__WORK TO COMPLETE__
Copy, word for word, the lines of the listing below from the line with "This colourful, fun, and" up to and including the line with "Funda de Teléfono". Drop the pictures.

__DATA SUPPLIED__
= = = =

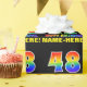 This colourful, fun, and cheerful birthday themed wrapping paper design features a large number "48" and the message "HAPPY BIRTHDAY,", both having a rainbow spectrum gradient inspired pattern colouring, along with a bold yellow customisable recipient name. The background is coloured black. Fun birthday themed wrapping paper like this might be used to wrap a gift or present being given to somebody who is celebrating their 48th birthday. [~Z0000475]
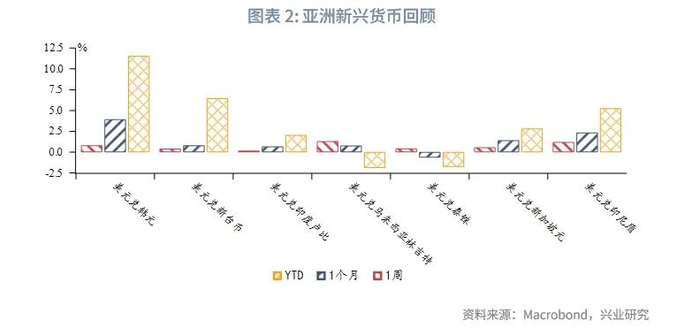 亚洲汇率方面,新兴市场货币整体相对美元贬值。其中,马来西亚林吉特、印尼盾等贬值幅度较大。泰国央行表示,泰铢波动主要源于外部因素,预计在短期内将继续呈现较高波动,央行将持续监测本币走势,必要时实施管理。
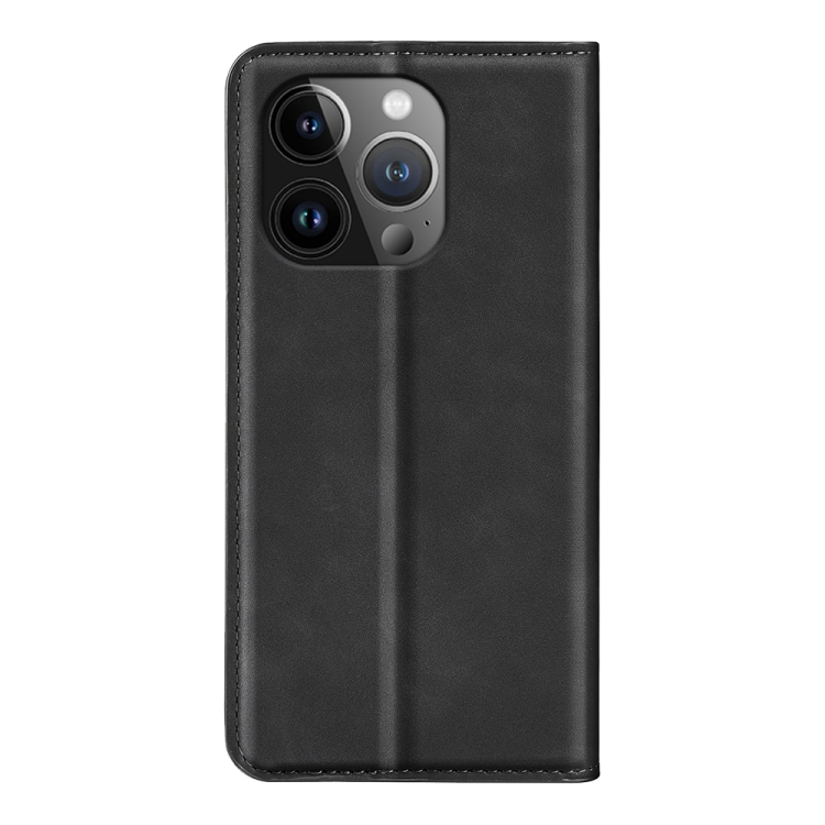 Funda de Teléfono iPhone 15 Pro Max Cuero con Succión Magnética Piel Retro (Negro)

= = = =

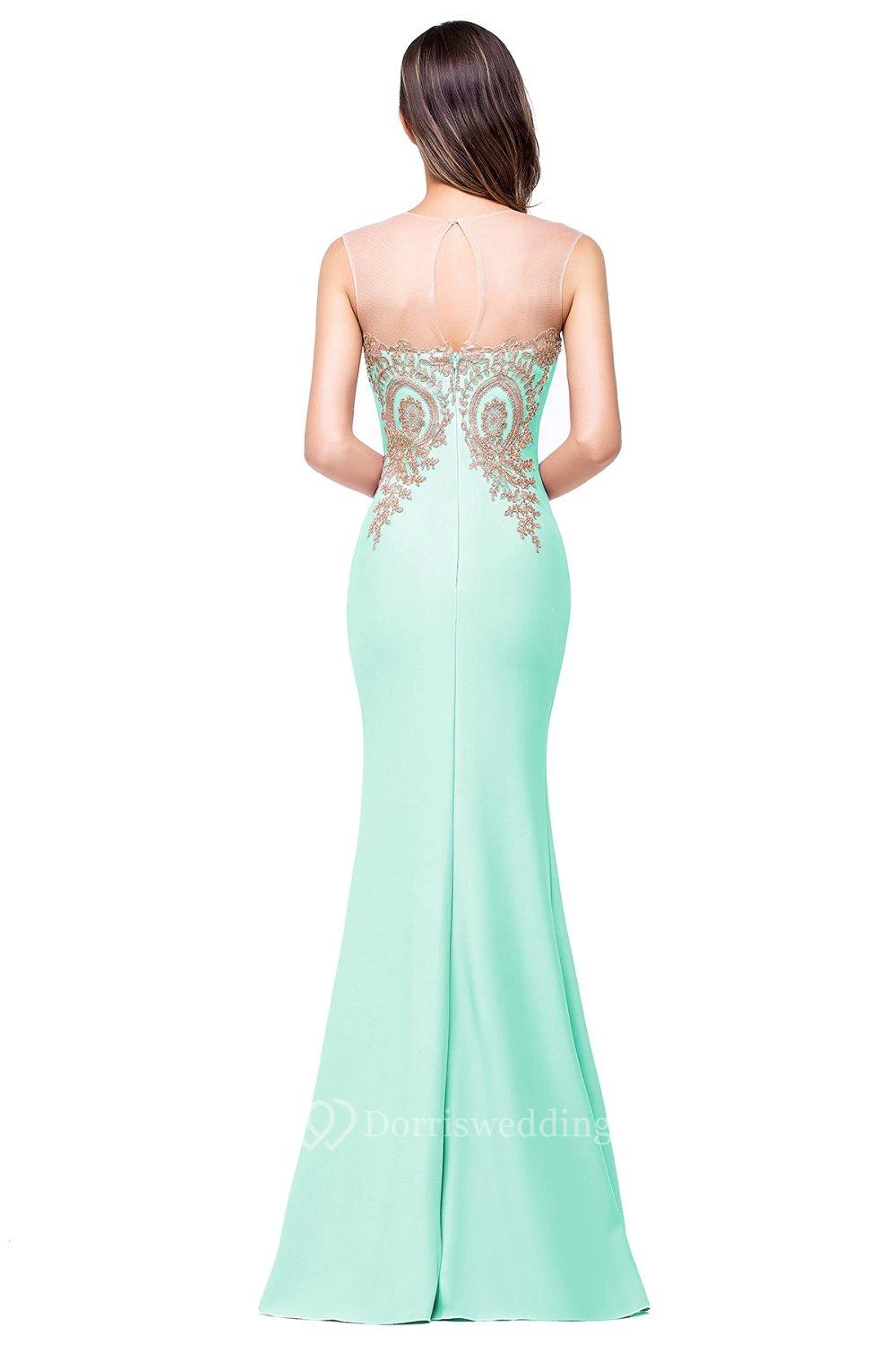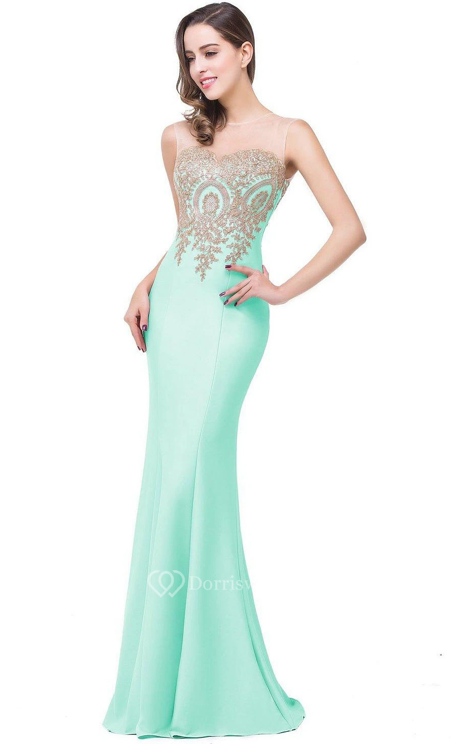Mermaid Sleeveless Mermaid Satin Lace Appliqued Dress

= = = =

__RESULT FOR THIS EXERCISE__
 This colourful, fun, and cheerful birthday themed wrapping paper design features a large number "48" and the message "HAPPY BIRTHDAY,", both having a rainbow spectrum gradient inspired pattern colouring, along with a bold yellow customisable recipient name. The background is coloured black. Fun birthday themed wrapping paper like this might be used to wrap a gift or present being given to somebody who is celebrating their 48th birthday. [~Z0000475]
 亚洲汇率方面,新兴市场货币整体相对美元贬值。其中,马来西亚林吉特、印尼盾等贬值幅度较大。泰国央行表示,泰铢波动主要源于外部因素,预计在短期内将继续呈现较高波动,央行将持续监测本币走势,必要时实施管理。
 Funda de Teléfono iPhone 15 Pro Max Cuero con Succión Magnética Piel Retro (Negro)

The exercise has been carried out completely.